I mentioned in my last post that I, well, The Bear and I, know of someone who regularly sends fairly weighty essay-legnth-text messages.

Now I will warn you, I’m only including this particular text because of the awesomosity of it’s length. It’s not funny, well not intentionally, and it doesn’t really have much of a point to it…

“Alrite bud, thought I’d just see if they’d been any developments on the iPod connection lead thing. And also tell you something really anal. Last weekend whilst in mk some las ran into the back of me (in my car, not bus) I expected the damage to be alot worse than it was. But the bumper held it’s shape after bouncing back. Just grazed to fuck. Lights, boot lid etc are all fine.

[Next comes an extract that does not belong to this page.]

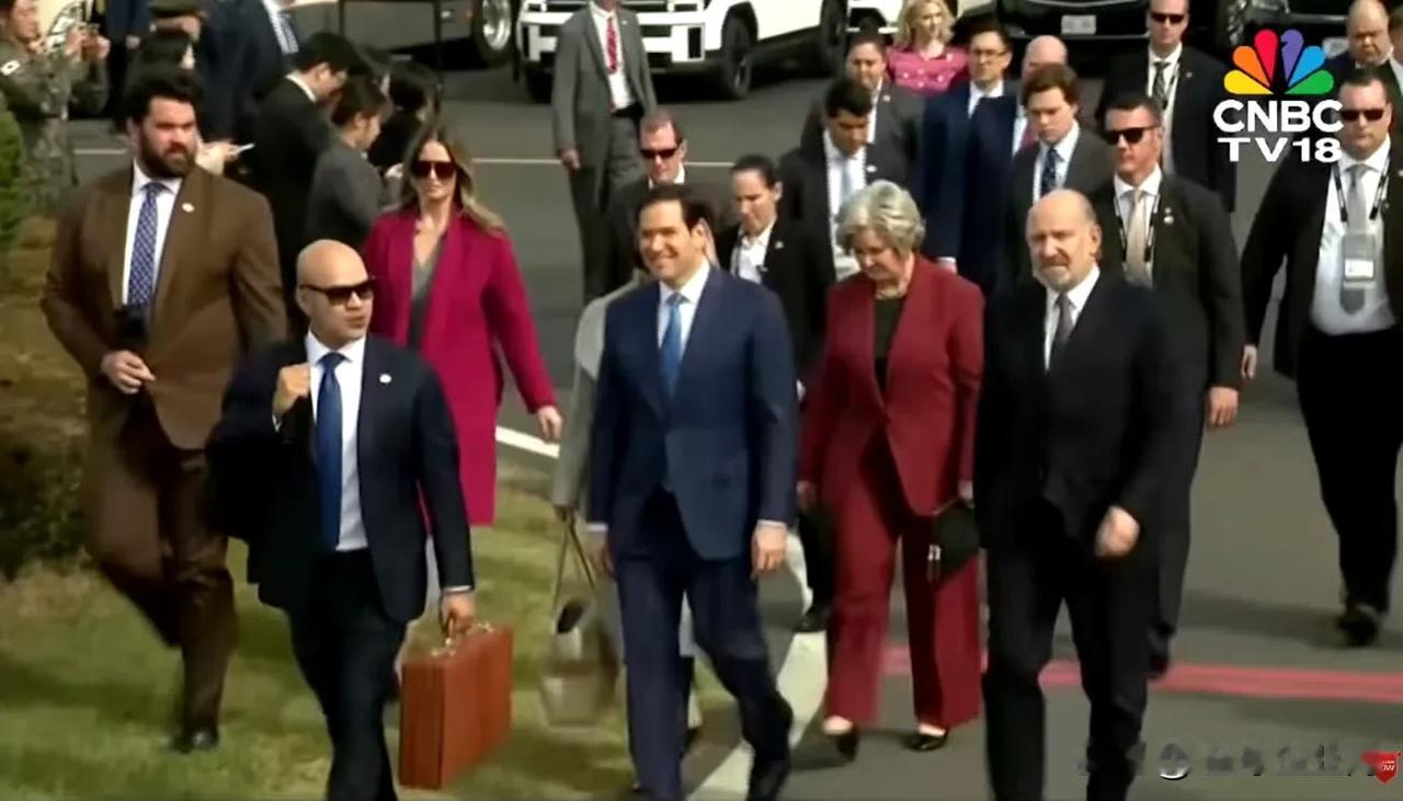 特朗普送走中方团队后,特朗普随团人员离开现场。中美釜山会晤 随行人员包括国务卿鲁比奥、财长贝森特、商务部长卢特尼克以及幕僚长等人。

Exshaust too is fine. She creased the rear bump bar, boot spare wheel well and boot drop are untouched thankfully. It’s having a new upper and lower bumper and bump bar. £700 in total. Obv all through insurance. Her car was pretty mashed. Was a 206, needsnew bonnet and I think one light was fucked. Also front bumper was well out of shape. The woman got out and said after looking at her car: “your car must be well solid” I was like yeah thanks for finding that out for me. I was quite calm though, as it was a wet road, and the traffic stopped pretty quick. Comes down to who was paying more intention and who has bigger brakes! These things happen hey. Oh yeah on a happier note do you know ***** is leaving ******* store, posted too ***********. Think it’s a case of not much say in the matter. And him and ***** far from seeing eye to eye. Talk about dead wood, long over due I say. *** ”

I have no clue as to just how much time that would have taken to type, or indeed how much his phone bill is each month, but I suspect the answer to both is a lot.

*The names have been removed to protect the innocent.